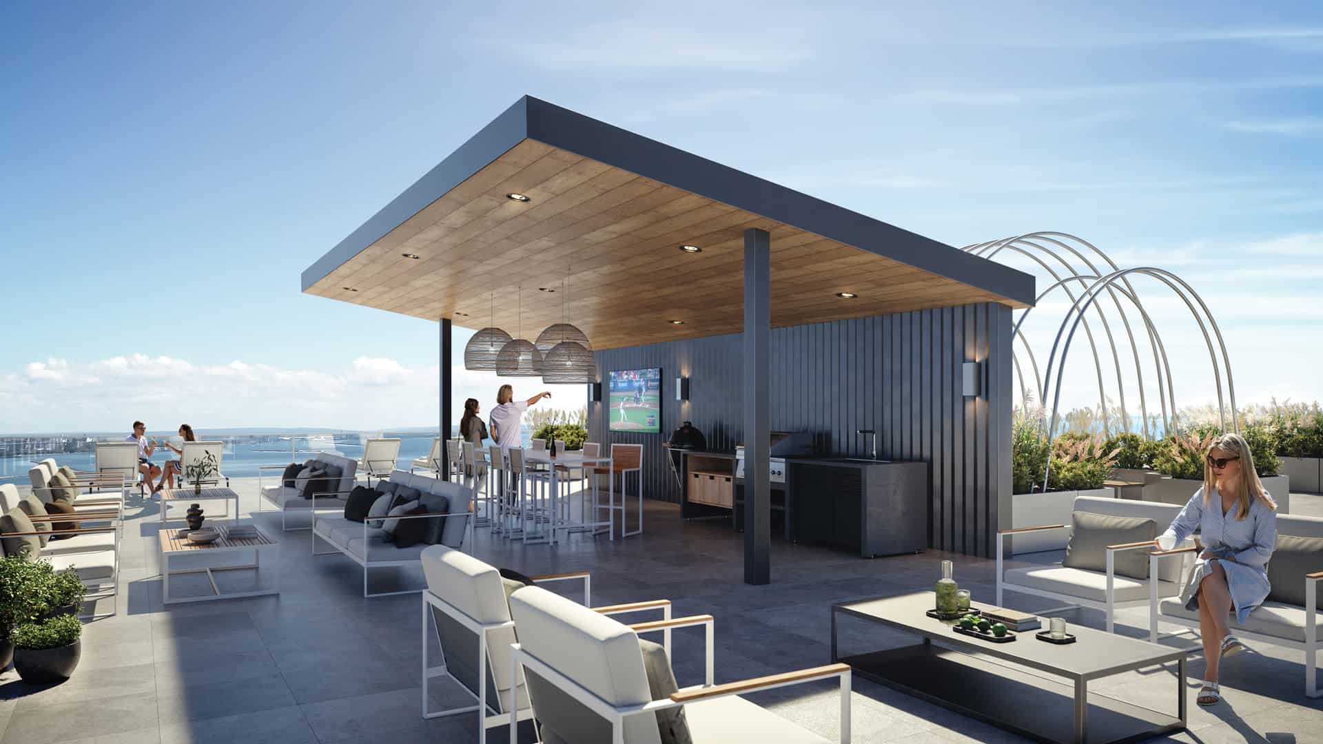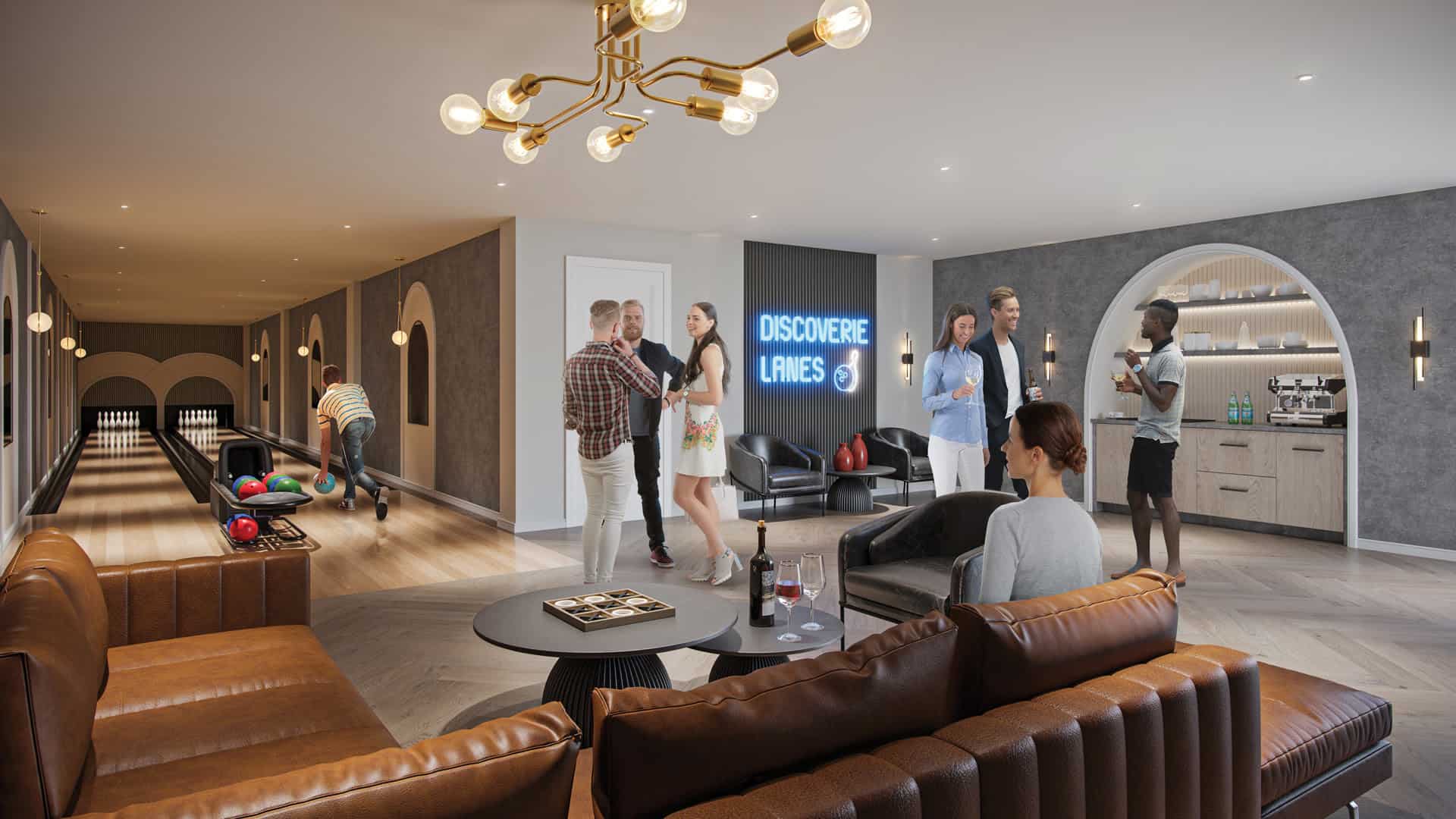 The Discoverie offers a range of upscale amenities, including a rooftop terrace with panoramic views, a state-of-the-art fitness center, a private bowling alley, a co-working lounge, and a party room known as The Shore Club.
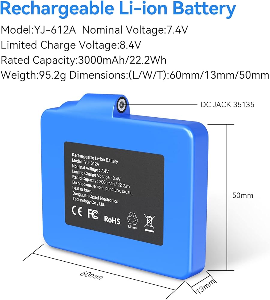 Package Included: A pair of 7.4V 3000mAh Rechargable heated Li-Polymer Batteries.
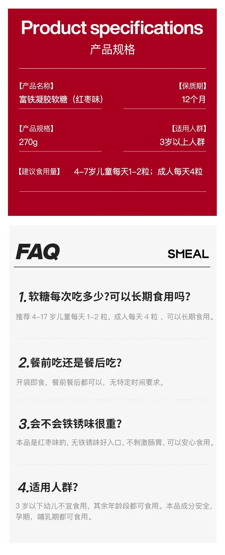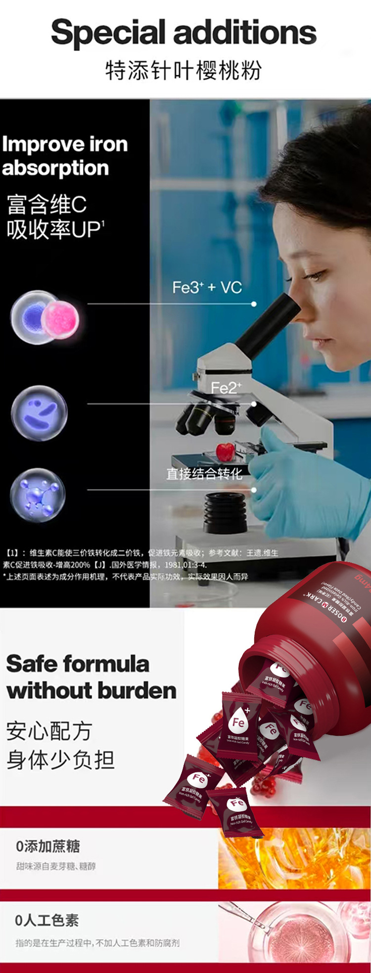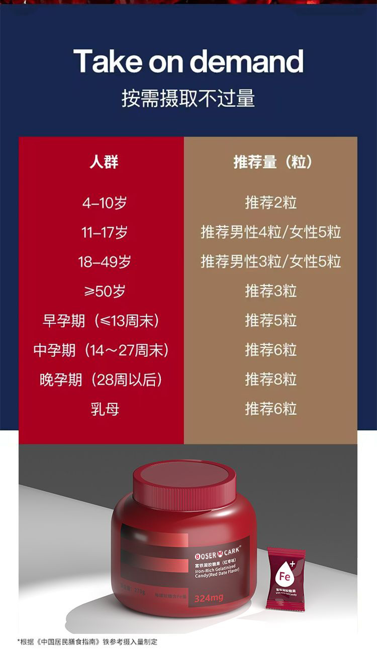 【酸甜适口!高含铁量】BoserMcark富铁凝胶软糖补充铁元素大罐装红枣味软糖含铁量324mg。xb
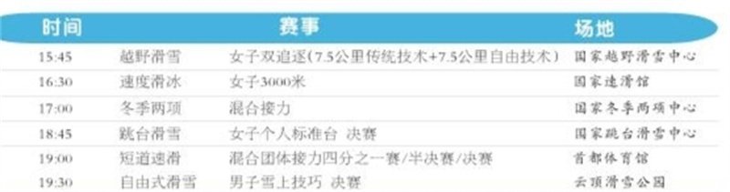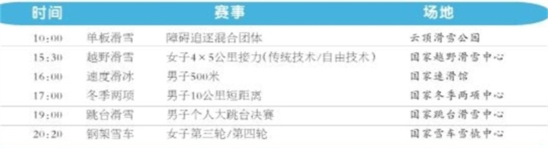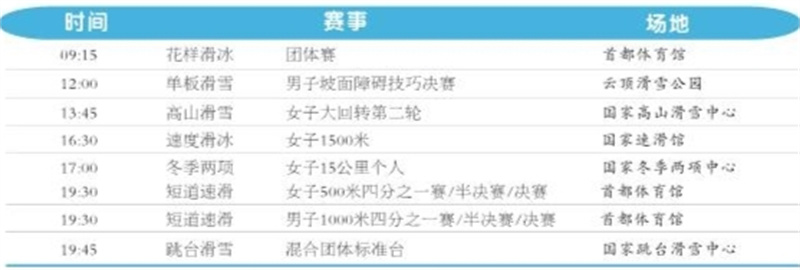 赛程内容来源于《北京2022年冬奥会竞赛日程 第十二版》(转自2月4日《中国体育报》05至08版)
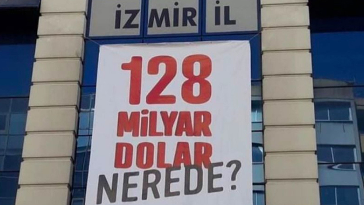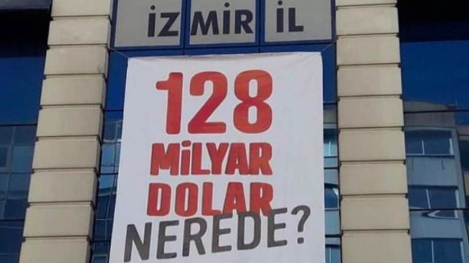 14 Nisan 2021'de CHP İzmir İl Binası'na astırılan "128 milyar dolar nerede" pankartı İzmir Valiliği'nin kararı ve polis ekiplerinin müdahalesiyle aynı gün akşam saatlerinde indirilmişti.
★ ★ ★ ★ ★
Nothing but the lines from the beginning of the material through the line with "赛程内容来源于《北京2022" should appear, printed exactly, with no pictures among them.

 The Discoverie offers a range of upscale amenities, including a rooftop terrace with panoramic views, a state-of-the-art fitness center, a private bowling alley, a co-working lounge, and a party room known as The Shore Club.
 Package Included: A pair of 7.4V 3000mAh Rechargable heated Li-Polymer Batteries.
 【酸甜适口!高含铁量】BoserMcark富铁凝胶软糖补充铁元素大罐装红枣味软糖含铁量324mg。xb
 赛程内容来源于《北京2022年冬奥会竞赛日程 第十二版》(转自2月4日《中国体育报》05至08版)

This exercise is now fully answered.